Sponsored by: The Fossil Free Citi Coalition

Add Your Name: Citi must stop fueling the climate crisis

Citi’s support for new fossil fuel projects jeopardizes our communities’ health, human rights, and future generations. As we experience the very real effects of the climate crisis, the cost of inaction is too high.

Together, let’s demand Citi stop funding fossil fuels for the sake of our communities — and our planet.

A major catalyst for the climate crisis is the funding of the fossil fuel industry by big banks. Banks invest billions of dollars into coal, oil, and gas corporations that create dirty energy, instead of massively expanding the renewables we need for safe, healthy communities.

Enter Citibank: a major climate offender. Citi is the second largest fossil fuel funder in the world, pouring $332 billion into the industry since the Paris Climate Agreement was signed in 2016. Citi has provided funding to companies like Exxon, Shell, Chevron, and Enbridge, who are building polluting new tar sands pipelines, oil rigs, and methane gas terminals, despite powerful resistance from frontline communities defending their right to a clean, healthy environment. 
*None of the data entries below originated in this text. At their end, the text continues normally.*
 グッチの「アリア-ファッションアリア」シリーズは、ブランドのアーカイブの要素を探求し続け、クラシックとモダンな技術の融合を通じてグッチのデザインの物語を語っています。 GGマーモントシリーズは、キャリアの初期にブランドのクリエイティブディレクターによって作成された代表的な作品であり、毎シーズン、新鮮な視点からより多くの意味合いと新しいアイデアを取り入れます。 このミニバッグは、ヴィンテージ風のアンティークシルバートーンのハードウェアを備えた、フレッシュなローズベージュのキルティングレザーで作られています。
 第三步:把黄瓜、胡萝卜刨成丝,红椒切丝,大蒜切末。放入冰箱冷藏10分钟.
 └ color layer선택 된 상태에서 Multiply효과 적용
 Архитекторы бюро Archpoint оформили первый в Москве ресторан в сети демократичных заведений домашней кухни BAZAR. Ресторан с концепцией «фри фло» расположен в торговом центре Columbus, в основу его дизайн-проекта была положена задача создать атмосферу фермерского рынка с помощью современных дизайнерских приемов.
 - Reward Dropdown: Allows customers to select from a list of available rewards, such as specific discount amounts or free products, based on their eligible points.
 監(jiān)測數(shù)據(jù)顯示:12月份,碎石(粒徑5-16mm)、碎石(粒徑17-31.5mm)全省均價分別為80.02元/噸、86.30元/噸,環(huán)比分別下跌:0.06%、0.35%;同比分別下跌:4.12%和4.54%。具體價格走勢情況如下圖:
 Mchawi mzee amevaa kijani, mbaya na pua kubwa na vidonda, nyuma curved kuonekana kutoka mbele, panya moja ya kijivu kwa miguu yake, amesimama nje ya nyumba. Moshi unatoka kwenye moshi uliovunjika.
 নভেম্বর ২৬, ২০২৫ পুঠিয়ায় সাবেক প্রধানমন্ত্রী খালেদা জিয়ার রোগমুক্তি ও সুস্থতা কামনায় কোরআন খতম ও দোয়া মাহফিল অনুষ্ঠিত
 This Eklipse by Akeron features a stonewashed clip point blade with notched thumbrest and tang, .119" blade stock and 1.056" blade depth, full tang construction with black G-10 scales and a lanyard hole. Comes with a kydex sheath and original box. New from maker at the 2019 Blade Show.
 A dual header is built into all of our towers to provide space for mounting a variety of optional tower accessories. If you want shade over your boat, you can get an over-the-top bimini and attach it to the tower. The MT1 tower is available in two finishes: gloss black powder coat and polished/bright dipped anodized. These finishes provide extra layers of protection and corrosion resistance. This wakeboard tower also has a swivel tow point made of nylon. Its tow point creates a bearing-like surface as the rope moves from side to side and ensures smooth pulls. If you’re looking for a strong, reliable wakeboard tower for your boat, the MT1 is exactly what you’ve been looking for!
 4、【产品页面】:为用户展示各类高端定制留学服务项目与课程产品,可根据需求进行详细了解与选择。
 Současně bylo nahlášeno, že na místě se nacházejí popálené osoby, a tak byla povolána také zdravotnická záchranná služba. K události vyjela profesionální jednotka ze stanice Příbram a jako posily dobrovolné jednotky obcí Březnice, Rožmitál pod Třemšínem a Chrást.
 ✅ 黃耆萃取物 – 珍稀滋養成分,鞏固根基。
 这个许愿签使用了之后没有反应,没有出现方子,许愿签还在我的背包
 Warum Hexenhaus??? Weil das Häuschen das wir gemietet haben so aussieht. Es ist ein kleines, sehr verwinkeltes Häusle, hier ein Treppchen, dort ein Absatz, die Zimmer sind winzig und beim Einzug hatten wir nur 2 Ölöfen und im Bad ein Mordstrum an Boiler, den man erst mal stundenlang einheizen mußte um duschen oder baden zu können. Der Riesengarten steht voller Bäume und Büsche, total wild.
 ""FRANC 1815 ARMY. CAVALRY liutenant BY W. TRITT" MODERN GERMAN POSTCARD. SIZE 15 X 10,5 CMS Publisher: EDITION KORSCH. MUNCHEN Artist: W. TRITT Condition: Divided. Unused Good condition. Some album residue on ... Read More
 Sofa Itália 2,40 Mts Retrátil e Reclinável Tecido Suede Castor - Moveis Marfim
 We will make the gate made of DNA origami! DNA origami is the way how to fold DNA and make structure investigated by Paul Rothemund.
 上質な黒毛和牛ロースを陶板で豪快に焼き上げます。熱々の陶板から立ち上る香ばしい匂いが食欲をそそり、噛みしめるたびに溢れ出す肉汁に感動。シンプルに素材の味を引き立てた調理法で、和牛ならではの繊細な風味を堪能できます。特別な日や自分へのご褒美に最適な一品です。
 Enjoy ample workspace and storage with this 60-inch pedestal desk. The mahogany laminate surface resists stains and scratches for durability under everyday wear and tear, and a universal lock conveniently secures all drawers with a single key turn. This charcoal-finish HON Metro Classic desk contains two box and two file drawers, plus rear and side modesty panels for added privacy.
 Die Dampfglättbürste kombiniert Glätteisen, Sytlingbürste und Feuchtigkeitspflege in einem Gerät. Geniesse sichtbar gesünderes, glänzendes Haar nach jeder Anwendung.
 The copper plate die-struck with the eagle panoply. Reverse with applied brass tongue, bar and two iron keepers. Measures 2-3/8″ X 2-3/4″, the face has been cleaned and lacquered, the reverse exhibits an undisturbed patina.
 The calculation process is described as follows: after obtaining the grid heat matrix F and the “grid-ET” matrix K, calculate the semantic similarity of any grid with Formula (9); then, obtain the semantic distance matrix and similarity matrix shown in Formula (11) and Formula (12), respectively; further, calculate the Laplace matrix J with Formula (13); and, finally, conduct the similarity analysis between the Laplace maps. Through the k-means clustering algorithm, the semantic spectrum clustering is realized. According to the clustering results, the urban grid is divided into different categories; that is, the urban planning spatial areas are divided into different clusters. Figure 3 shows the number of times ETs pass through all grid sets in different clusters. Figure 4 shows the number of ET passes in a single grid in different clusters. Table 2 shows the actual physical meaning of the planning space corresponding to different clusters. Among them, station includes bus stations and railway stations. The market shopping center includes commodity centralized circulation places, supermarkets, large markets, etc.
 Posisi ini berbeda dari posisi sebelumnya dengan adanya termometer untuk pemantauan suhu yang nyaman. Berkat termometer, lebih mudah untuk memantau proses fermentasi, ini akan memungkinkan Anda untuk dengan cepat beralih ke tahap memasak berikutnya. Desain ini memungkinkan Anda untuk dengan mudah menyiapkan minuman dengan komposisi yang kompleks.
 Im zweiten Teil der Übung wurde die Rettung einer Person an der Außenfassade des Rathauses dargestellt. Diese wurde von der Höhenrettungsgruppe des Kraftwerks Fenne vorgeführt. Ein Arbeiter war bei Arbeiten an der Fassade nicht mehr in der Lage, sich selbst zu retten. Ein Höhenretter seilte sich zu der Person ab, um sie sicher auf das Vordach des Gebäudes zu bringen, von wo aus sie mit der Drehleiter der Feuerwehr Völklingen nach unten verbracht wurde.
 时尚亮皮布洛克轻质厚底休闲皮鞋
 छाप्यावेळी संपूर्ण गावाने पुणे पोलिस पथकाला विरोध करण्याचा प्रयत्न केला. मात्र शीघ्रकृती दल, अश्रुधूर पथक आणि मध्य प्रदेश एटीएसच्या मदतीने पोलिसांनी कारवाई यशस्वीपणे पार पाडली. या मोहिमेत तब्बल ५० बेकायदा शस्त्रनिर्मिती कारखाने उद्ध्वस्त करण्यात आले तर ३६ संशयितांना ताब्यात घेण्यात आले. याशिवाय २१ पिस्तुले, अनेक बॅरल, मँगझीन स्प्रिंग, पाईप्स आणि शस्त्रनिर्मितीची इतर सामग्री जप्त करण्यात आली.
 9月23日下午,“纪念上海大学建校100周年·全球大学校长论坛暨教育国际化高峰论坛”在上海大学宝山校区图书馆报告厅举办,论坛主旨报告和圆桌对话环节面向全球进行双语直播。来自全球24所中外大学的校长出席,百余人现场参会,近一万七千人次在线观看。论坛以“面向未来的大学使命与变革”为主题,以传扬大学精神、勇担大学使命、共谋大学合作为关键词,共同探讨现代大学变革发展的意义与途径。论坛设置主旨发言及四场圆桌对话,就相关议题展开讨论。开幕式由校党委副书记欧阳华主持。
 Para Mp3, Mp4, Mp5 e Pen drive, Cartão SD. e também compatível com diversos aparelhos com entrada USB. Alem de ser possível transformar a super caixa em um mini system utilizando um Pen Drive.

Citi must stop financing new fossil fuel projects and the companies behind dangerous coal, oil, and gas expansion. Citi must also refuse to finance any companies that are violating human rights, especially the rights of impacted Indigenous communities.

Sign our petition to fight for your community’s health and safety by demanding that Citi stop funding fossil fuels.

Add your name using the form on this page or on Action Network.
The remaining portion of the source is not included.